1.        Rhizodeposits and root litter contribute critically to soil organic carbon (SOC) formation and decomposition. This root-induced SOC turnover shows great interspecific variations. Bulk SOC consists of diverse functional pools differing in formation and stabilization. Yet, it remains unclear which plant traits regulate the effects of living roots on the turnover of different SOC pools across species.

2.        By performing ¹³CO2 continuous labelling of six grassland species for a growing season in a climate-controlled chamber, we quantified the contributions of living roots to the dynamics of the fast-cycling particulate organic C and the slow-cycling mineral-associated organic C, and explored their relations to plant traits.

3.        The results showed that new root-derived SOC varied more than threefold among the six species.
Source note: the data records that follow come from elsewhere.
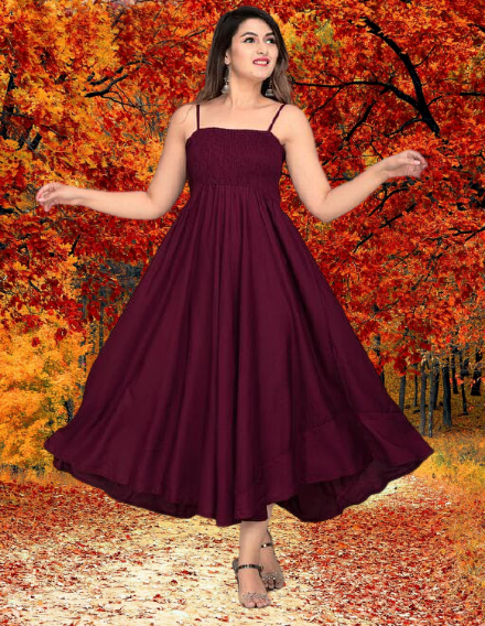 100% Rayon !! Western Wear Flared dresses Floor Length (50 Inches); 1 Readymade dresses Sleeveless With Square Neck !! Casual, Festive & Party Wear; Highlight With Elasticated Suitable Perfect Gift For Christmas, New Year, Valentines Day, Birthday, Wedding, Anniversary, Party Wear, Home dresses for women latest design II one-piece dress for women II anarkali dress II maternity dress II dresses for women western
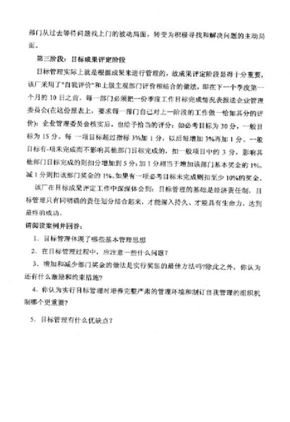 2011年山西财经大学管理学(802)试题 一、名词解释(每小题5分,共30分) 1霍桑试验 2流程再造 3目标管理 4决策 5组织文化 6激励 二、简答题(每小题10分,共50分) 1科学管理理论的主要内容是什么? 2组织设计应考虑那些因素? 3影响有效沟通的因素有那些? 4领导与管理是什么关系? 5控制过程的基本环节有那些? ...
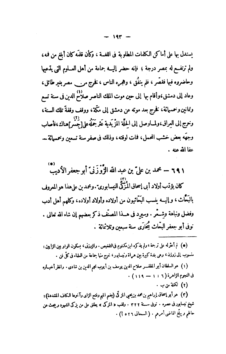 يستدل بها على أماكن الكلمات المطلوبة فى اللغة، وكأن قلمه كان أبلغ من فمه، ولم ترتفع له بمصر درجة؛ فإنه حضر إليه جماعة من أهل العلوم التى يدّعيها وحاضروه فيها فقصّر، فلم ينفق، وهجره الناس، فخرج من مصر بغير طائل، وعاد إلى دمشق، وأقام بها إلى حين موت الملك الناصر صلاح [1] الدين فى سنة تسع وثمانين وخمسمائة، فخرج بعد موته عن دمشق إلى مكّة، ووقف وقفة تلك السنة، وخرج إلى العراق، ولما وصل إلى الحلّة المزيدية عثر جمله على [جسر [2]] هناك، فأصاب وجهه بعض خشب المحمل، فمات لوقته، وذلك فى صفر سنة تسعين وخمسمائة- عفا الله عنه.
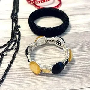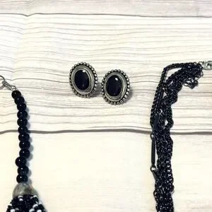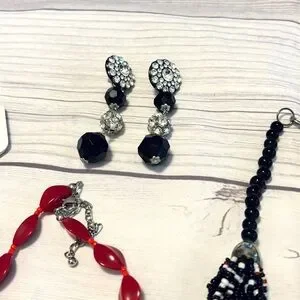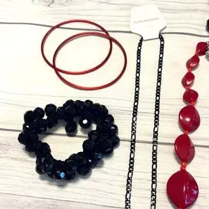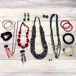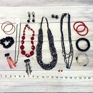 Description: Gorgeous lot of 16 pieces of costume jewelry in red, black, and silver tone. Includes necklaces, bracelets, and earrings! You will receive everything pictured.
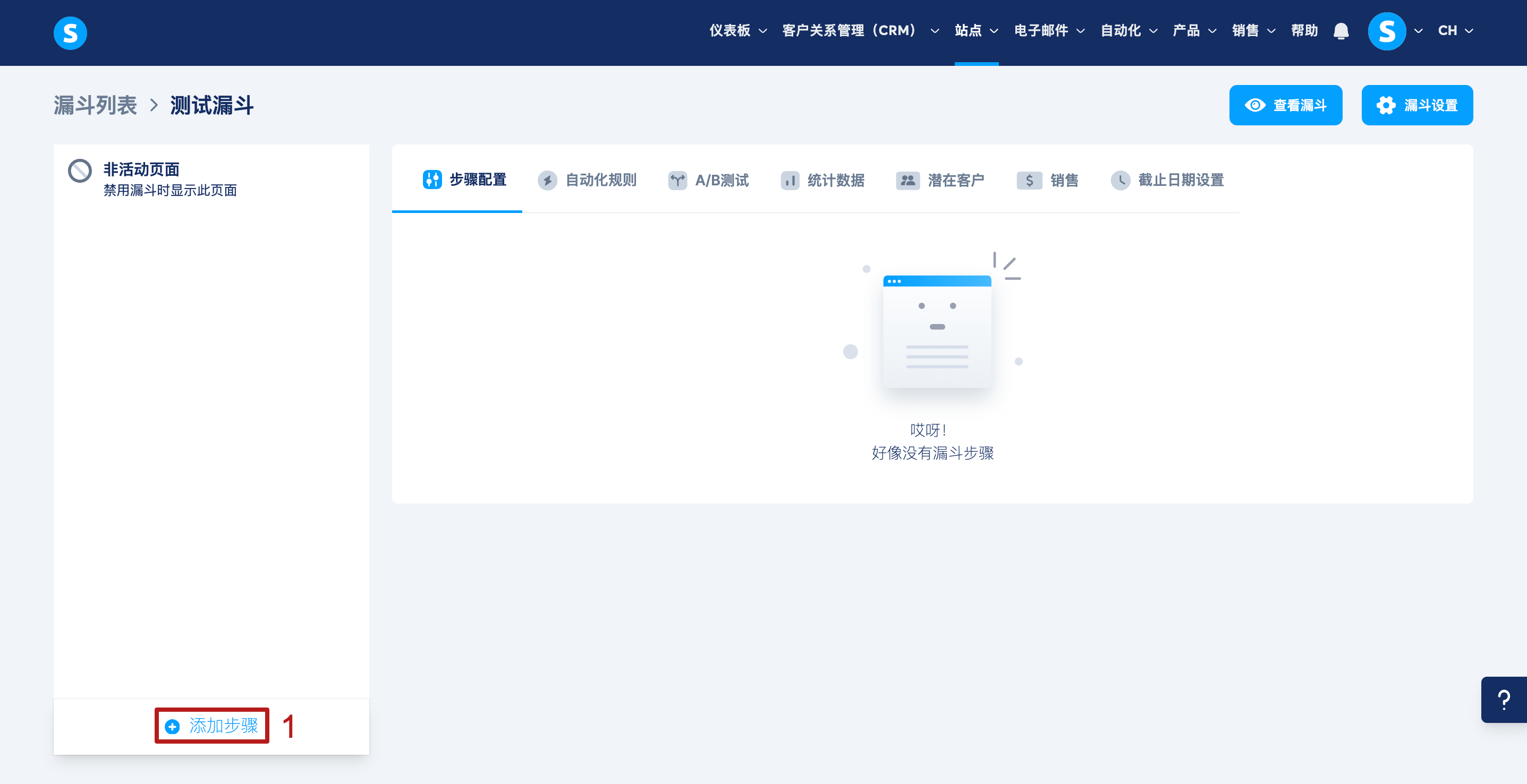 转到要添加付款页面的销售漏斗。在漏斗页面左侧面板上,点击 “添加步骤”(1)。
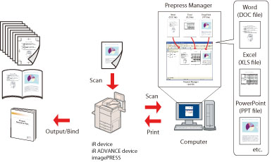 Prepress Manager is a printing application. Wide range of imposition modes enable you to create, edit, and print various documents. You can use the export mode to convert the scanned data into PDF, JPEG, TIFF, or BMP files. You can also edit and correct scanned image using the standard-equipped Image Editor.
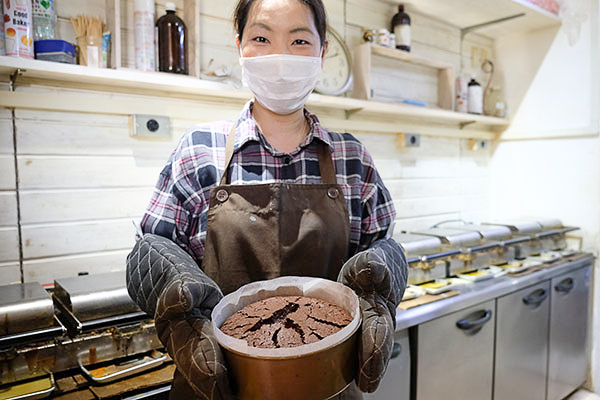 こちらは作りたてのガトーショコラ。残念ながらここでは販売せず、系列のカフェで提供しているそうです。「今後はこの工房オリジナルの焼き菓子も作りたいです」と丸山さん。
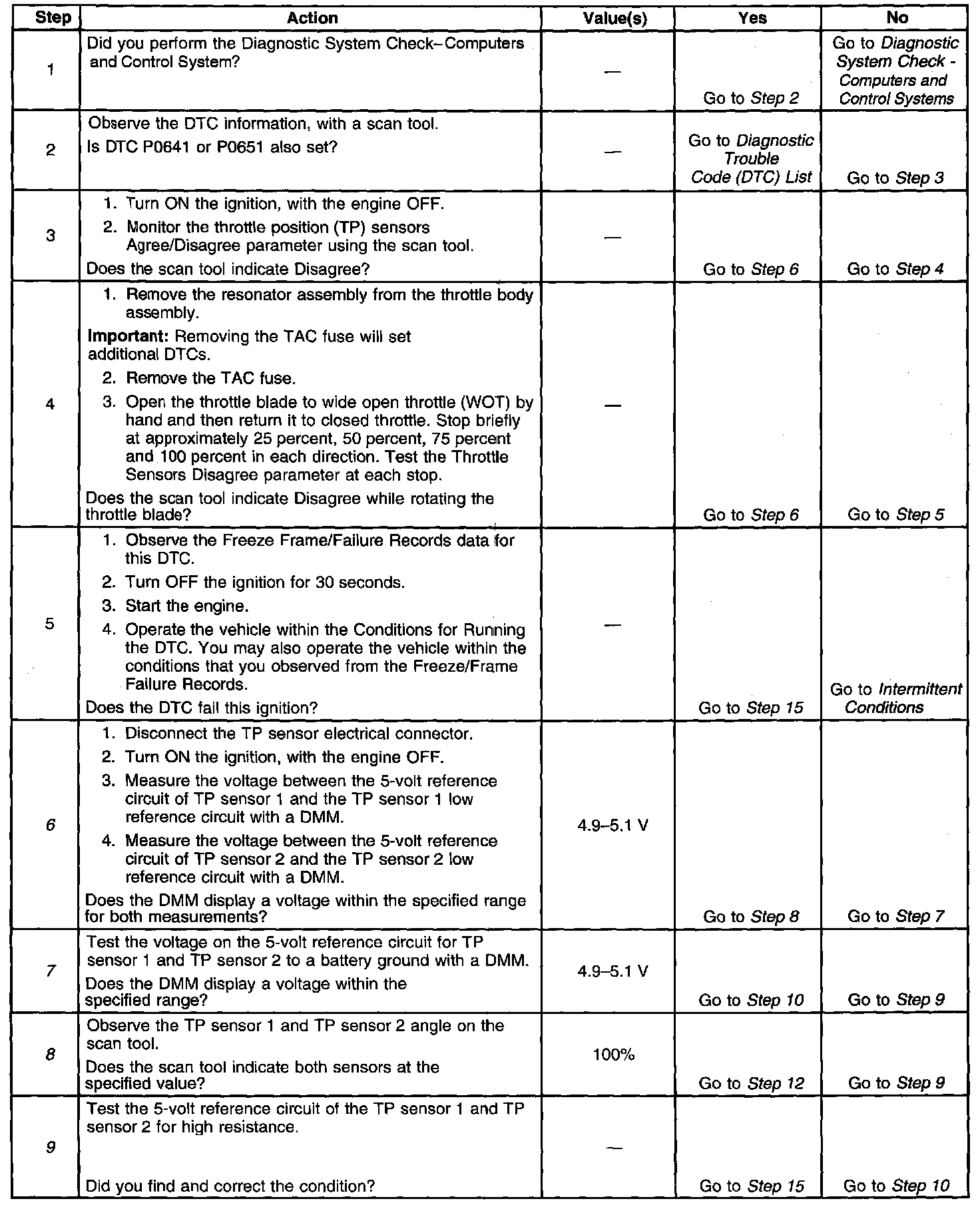 6. This step checks the integrity of the 5-volt reference and ground circuits of the TP sensors.
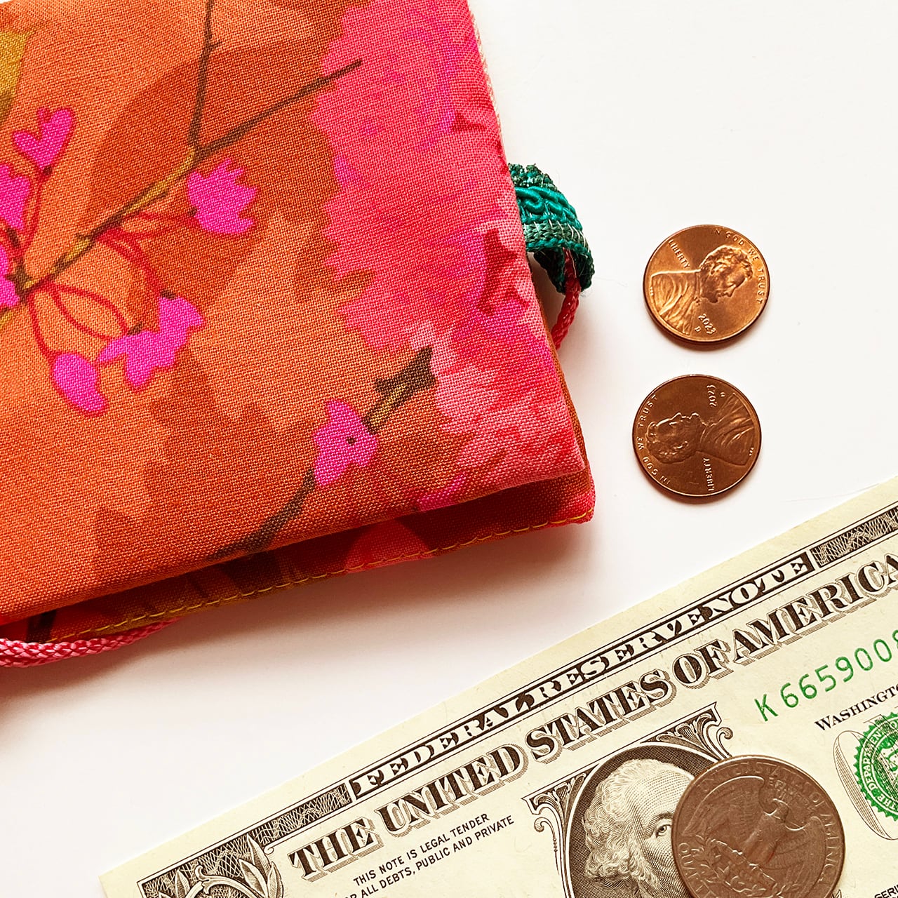 思い立ってデッドストックの布で色とりどりに作って使っていたら、「かわいい!どこで買ったの?私も欲しい!」「こういう軽い財布を探していたよ」とたびたび言われるようになりましたので、sawing club で作ってお裾分けすることにしました。
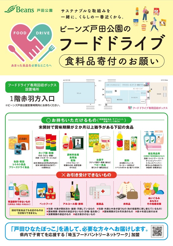 ビーンズ戸田公園としましても、ひとり親家庭等の子どもたちへの食品支援の取り組みを支援していきたいと存じます。余った食品や衛生用品などの寄付をお願い申し上げます。
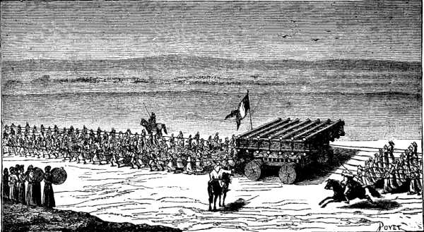 In 1854 Mr. Victor Place moved overland, from Nineveh to Mosul, the winged bulls that at present are in the Assyrian museum of the Louvre, and each of which weighs 32 tons. After carefully packing these in boxes in order to preserve them from shocks, Place laid them upon their side, having turned them over, by means of levers, against a sloping bank of earth That he afterward dug away in such a manner that the operation was performed without accident. He had had constructed an enormous car with axles 0.25 m. in diameter, and solid wheels 0.8 m. in thickness (Fig. 2). Beneath the center of the box containing the bull a trench was dug that ran up to the natural lever of the soil by an incline. This trench had a depth and width such that the car could run under the box while the latter was supported at two of its extremities by the banks. These latter were afterward gradually cut away until the box rested upon the car without shock. Six hundred men then manned the ropes and hauled the car with its load up to the level of the plain. These six hundred men were necessary throughout nearly the entire route over a plain that was but slightly broken and in which the ground presented but little consistency.
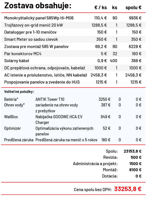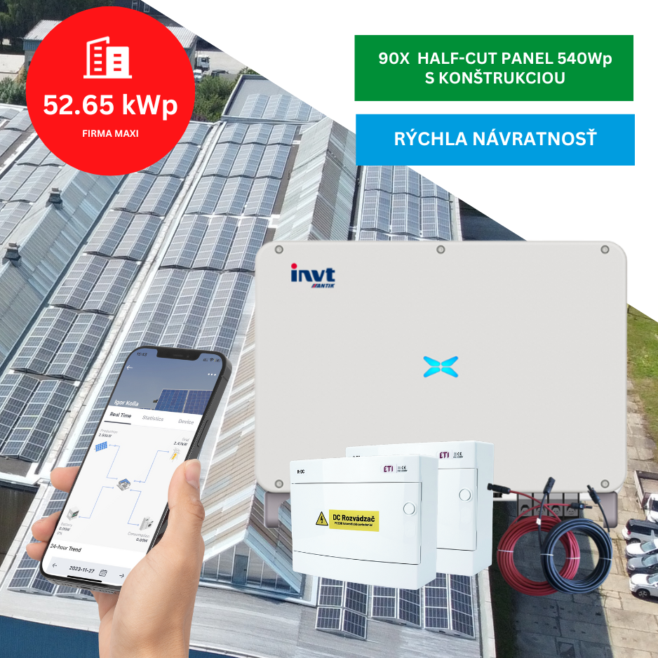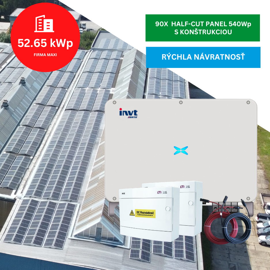 Fotovoltický systém pre firmy s 10-ročnou zárukou a max. výkonom 49,5 kW, tvorený 50 kW 3-fázovým on-grid meničom, 90 ks monokryštalickými silver panelmi s výkonom 585 Wp, strešnou konštrukciou podľa typu vašej strechy a kompletnou elektroinštalačnou sadou.
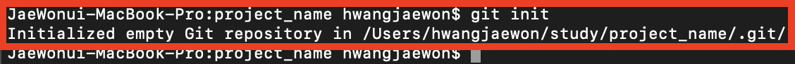 - 프로젝트 폴더에 위치하면 git init 을 입력하여 Git 과 연동을 준비합니다.
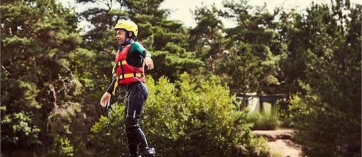 Sie stehen auf einer Art Mini-Surfbrett, das mit einem Wasserscooter verbunden ist. Sobald der Lehrer auf dem Wasserscooter Gas gibt, wird das Flyboard in die Luft getragen. Schnell erlangen Sie mehr Geschicklichkeit und können wie ein Delfin durch das Wasser ziehen.
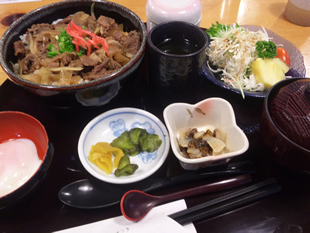 写真Aは料理屋さんで出されたまま撮った牛丼御前の写真。メインの牛丼より前菜だのお新香のほうがかえって目立っています。
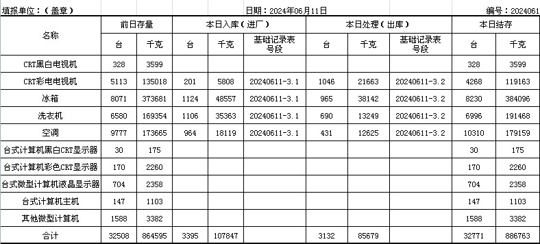 2024.06.11回收拆解統(tǒng)計(jì)表

The variation in new root-derived SOC was best explained by the ratio of shoot to root biomass. Plant species with higher shoot:root ratio formed more new root-derived SOC. Most of the root-derived C (72%) was incorporated into the particulate organic C pool. All species caused positive rhizosphere priming effects (RPE), which varied sevenfold across species. Among plant traits, specific root length was the best predictor of interspecific variations in the RPE, with greater RPE associated with higher specific root length. Most of the RPE (70%) occurred in the mineral-associated organic C pool. Our results also showed that most plant species caused more old SOC decomposition via the RPE than new SOC formation, leading to net SOC losses, especially for the mineral-associated organic C pool.

4.        Overall, we provide novel insights into the effects of plant traits on root-induced turnover of particulate and mineral-associated organic C. Our findings should be valuable for understanding how specific plant traits regulate SOC accumulation and stabilization.